The smell of stale smoke clings to my worn wrinkled clothes
while my mouth is dry with the acrid taste of a faded night,
my body aches and my mind spins in blindness

all I can see is the shape of your face,
the warmth of your body pushed against mine,
your laughing voice staining my ears with desire,
your hand causally pressed against my shoulder blade:

“Stand here with me”
And when it was time for me to leave
“Maybe I’ll see you around?”

Is it some sort of Kierkegaardian madness,
an unexplainable leap of faith into folly,
an unanswerable puerile measure of my unconscious self against all I desire,
a madness unknown yet made manifest in my male ego?

Or is it because I consider myself some weird sort of feminist,
Or maybe somewhere in blind naïveté I grasp at nothing,
Or perhaps it is my sexual brokenness,
(for some reason it’s not ok for a ‘man’ to be sexually broken – to scream in frustration of the expectations just having a penis brings)
Or is it my childhood – that fine dance of cognitive dissidence,
my only reminder that I once grew up,
I once learned, loved, hated, was someone else?

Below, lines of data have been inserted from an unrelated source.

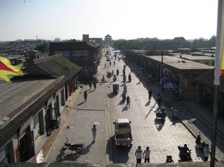 俯瞰古城,笔直的街道,对面远处是另一个城门,古代的城还真是小呀,一眼就望到头了,街道两边都是店铺,卖什么的都有。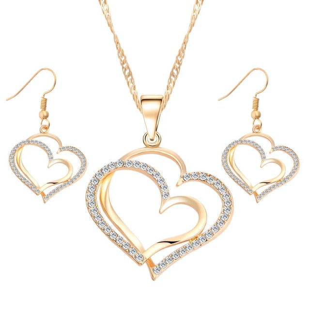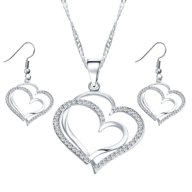17KM Romantic Heart Pattern Crystal Earrings Necklace Set Silver Color Chain Jewelry Sets Wedding Jewelry Valentine's Gift
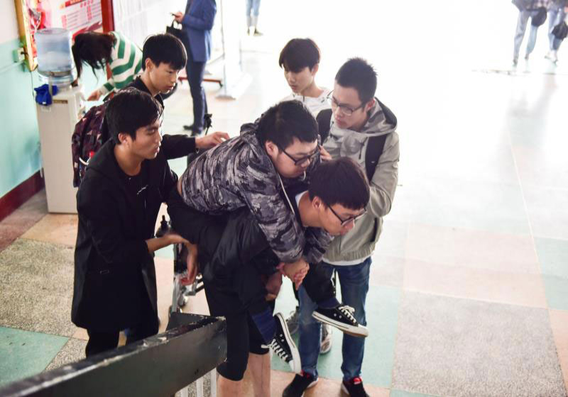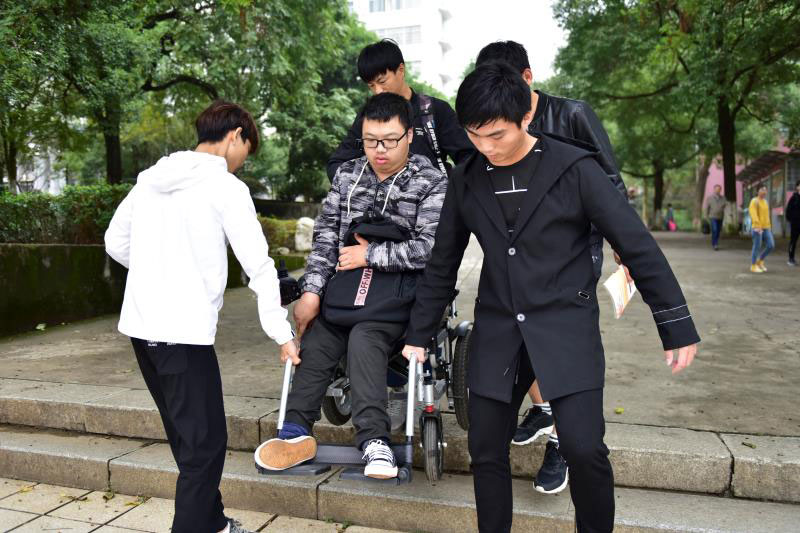 Mỗi ngày, khi Li lăn chiếc xe lăn của mình đến tòa nhà giảng dạy, một người bạn khỏe nhất trong nhóm bế cậu trên lưng, còn hai người trợ giúp và hai người mang cặp sách cùng những vật dụng khác.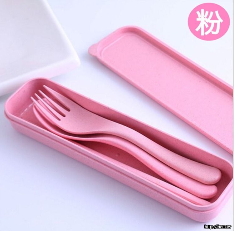 共有四色可選-米/粉/藍/綠 (外盒與餐具同色)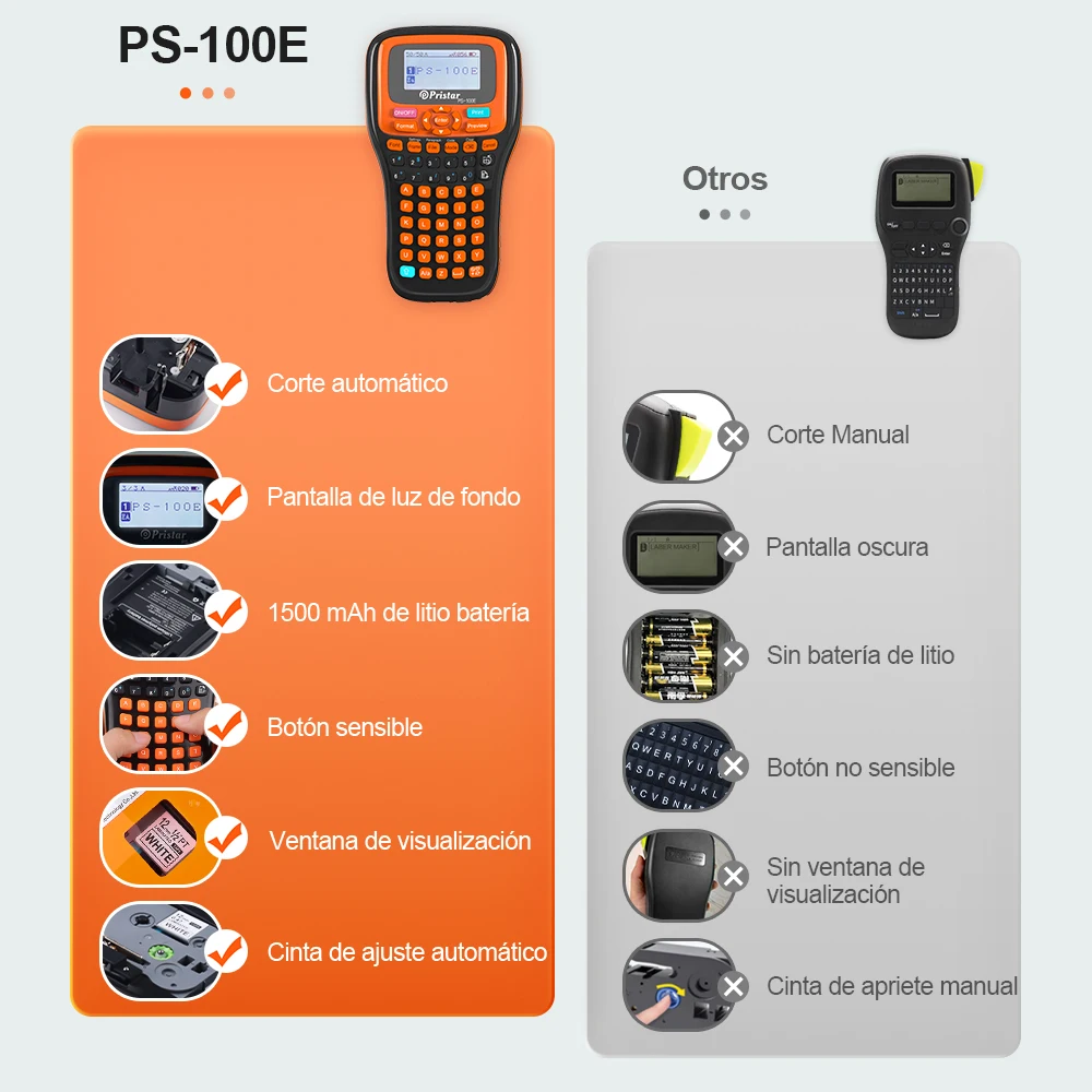 Advertencia: Recientemente compramos la impresora de etiquetas PRISTAR PS-100E para uso comercial. Sin embargo, este dispositivo no satisface nuestras necesidades por varias razones. El idioma francés no está disponible en la configuración del dispositivo. Como resultado, se utilizan caracteres especiales en francés (como é, è, ë, â, ü, etc.). no se puede imprimir. El menú de la impresora de etiquetas solo ofrece inglés o chino, lo que limita severamente su uso en un entorno francófono. Después de contactar al vendedor, nos dijeron que la versión multilingüe de la impresora de etiquetas estaba agotada. Sin embargo, según el sitio web de AliExpress, el producto está actualmente a la venta y afirma que admite siete idiomas. Dicho esto, si lees atentamente la letra pequeña, solo dice 'soporte en inglés', lo cual es muy diferente de un dispositivo verdaderamente multilingüe. Conclusión: Si estás considerando comprar la impresora de etiquetas PRISTAR PS-100E, asegúrate de que no necesitas caracteres especiales o una interfaz en francés.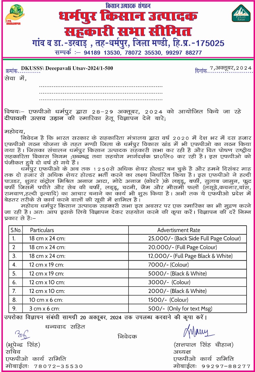 Dharampur FPO was established in the month of September 2022, with the help of NCDC, Regional office Shimla.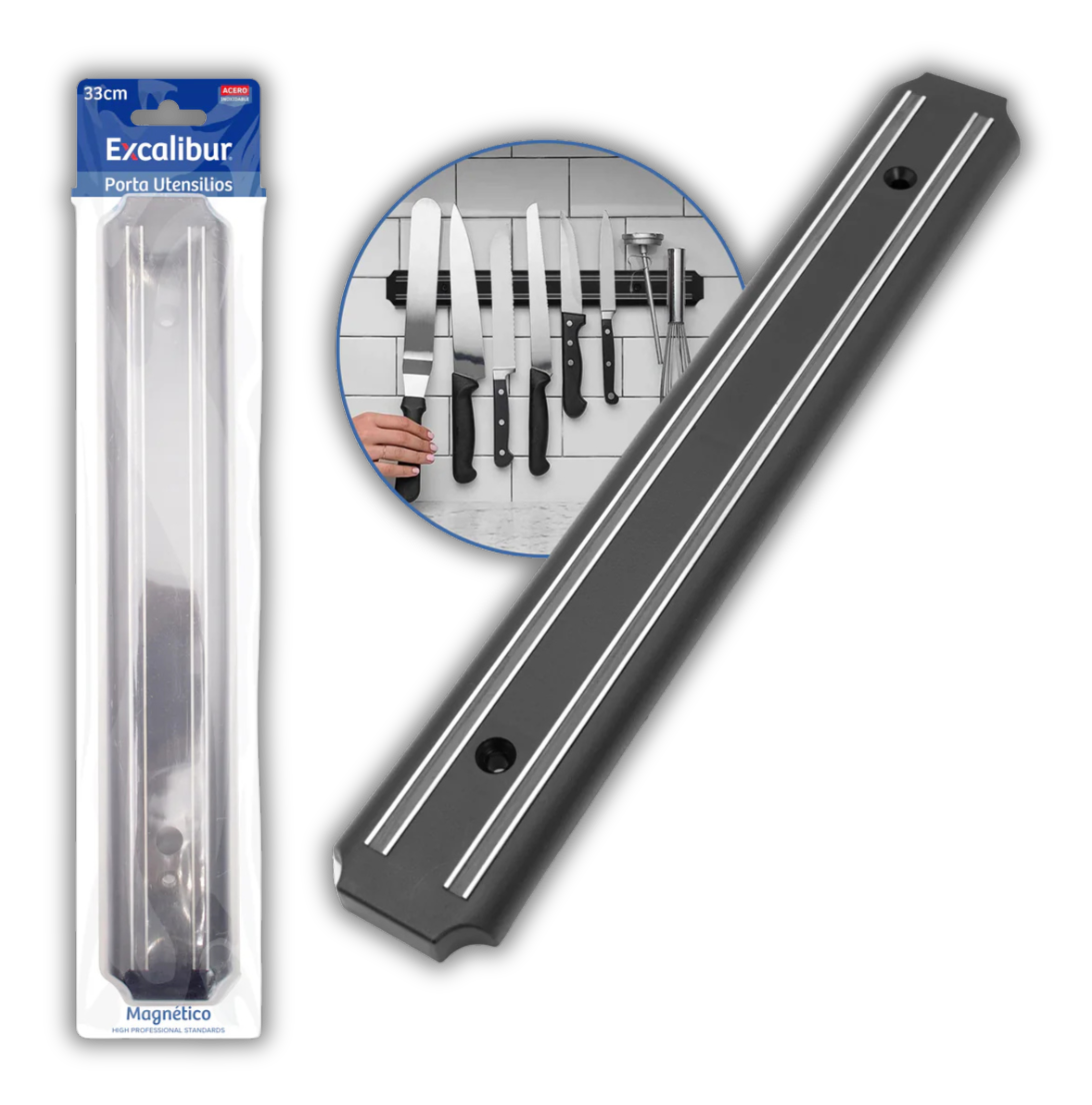 Organice su cocina de forma eficiente y segura con la barra magnética Excalibur de 33 cm. Esta herramienta esencial, fabricada con un potente imán y materiales de alta calidad, le permite almacenar y exhibir sus cuchillos y utensilios de metal de manera ordenada, liberando espacio en cajones y encimeras.Su diseño minimalista y elegante se adapta a cualquier estilo de decoración, y su instalación es rápida y sencilla. La barra magnética garantiza que sus herramientas de corte estén siempre al alcance de la mano y seguras, evitando daños a las hojas y accidentes. Una solución práctica y moderna para mantener la organización y la funcionalidad en su cocina.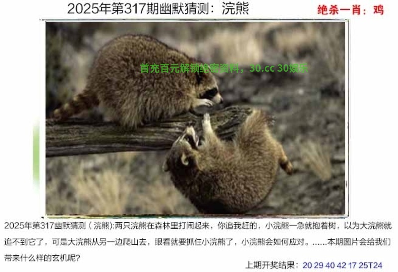 | 317期家野两肖【野兽+羊鸡】开:鼠18准 |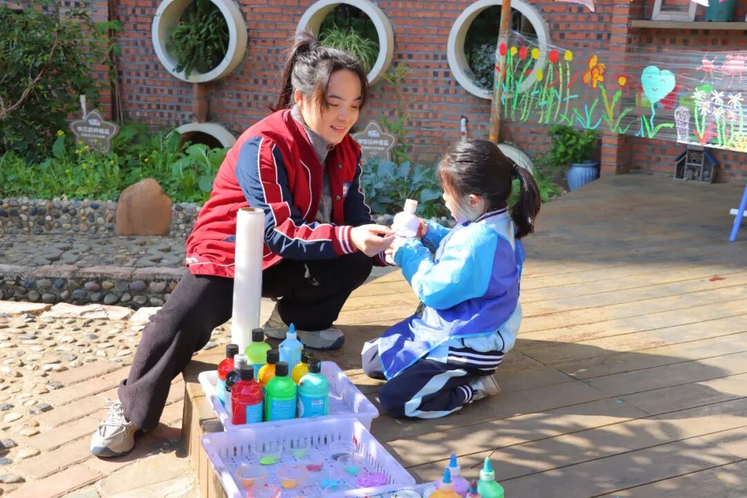 转角走进 “童绘绿境・创响未来” 区域,色彩斑斓的生态主题绘画旁,是孩子们用积木搭建的科创作品,通过编程指令的巧妙设定,积木组件或闪烁起灵动灯光,或运转起精巧机关,科学奇思跃然眼前,尽显孩子们对自然与科技的独特感知。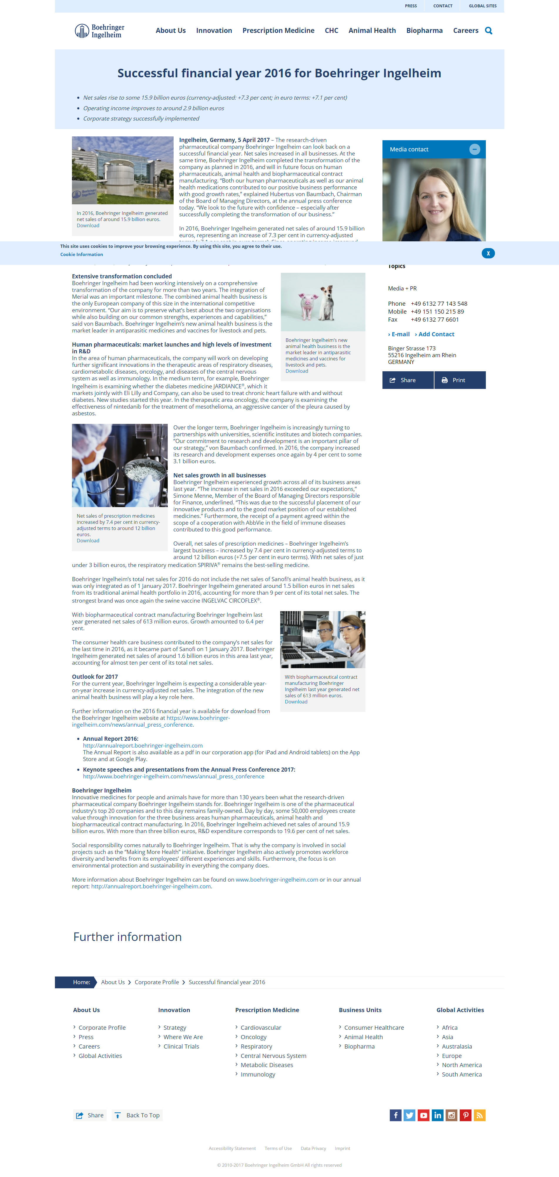 En cuanto a los resultados del 2016, B.I. reportó un crecimiento en ventas del 7.3%, que se vio expresado en ingresos por €15,9 mil millones. La unidad de Prescription fue la segunda en facturación, luego de Salud Animal, con una suba del 7.4% impulsada por su producto de respiratoria, Spiriva. Ver press release

Am I less of a man because
I did not ask for your number,
that I did not take you home,
that I did not fuck you last night?

The Holy

I am filled with a sad sense of expectation, or perhaps expectation already fulfilled. Melancholy pervades, fills every corner of the room like an odorless gas, corrupting all hearts like mine that are prone to sensitivity. All are changed, all are touched, all are penetrated.

Not a feeling of dread – it’s a longing melancholy, waiting slowly but desperately to be filled, yet knowing in the end only the bitter disappointment of loneliness, and knowing this during the futile wait. Rooted in the ever-present dread of life, freed only by the reality of death, we await this expectation, this change, this filling, this touch by the hand of God.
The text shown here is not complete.